When I searched for "Pokemon Machine Learning", there was a site that was doing something similar, so I used it as a reference. https://www.hands-lab.com/tech/entry/3991.html On this site, I was trying to determine whether it was a water type from the race value, so I implemented it with copy and paste for the time being. I thought it was a success because it was judged with an accuracy of ** 85.3% **, but in reality, only "Lucky" and "Blissey", which are not water types, were judged to be water types.

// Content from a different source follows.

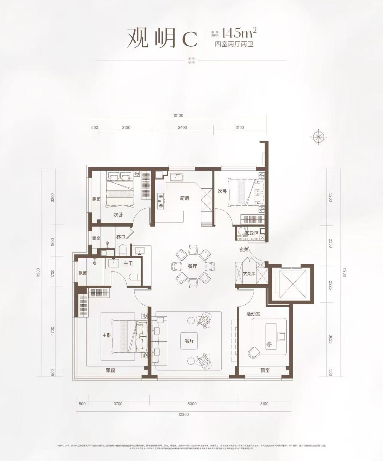 中央两栋5#、10#楼为顶配145㎡户型,共160套;

Now let's sort out the situation. There are 909 types of Pokemon, and 123 types of water-type Pokemon. There are 785 types of Pokemon that are not water type. Here, let's assume a model that determines that it is not a water type no matter what race value is entered. The correct answer rate for this model is 785/909 x 100 = ** 86.5 [%] **.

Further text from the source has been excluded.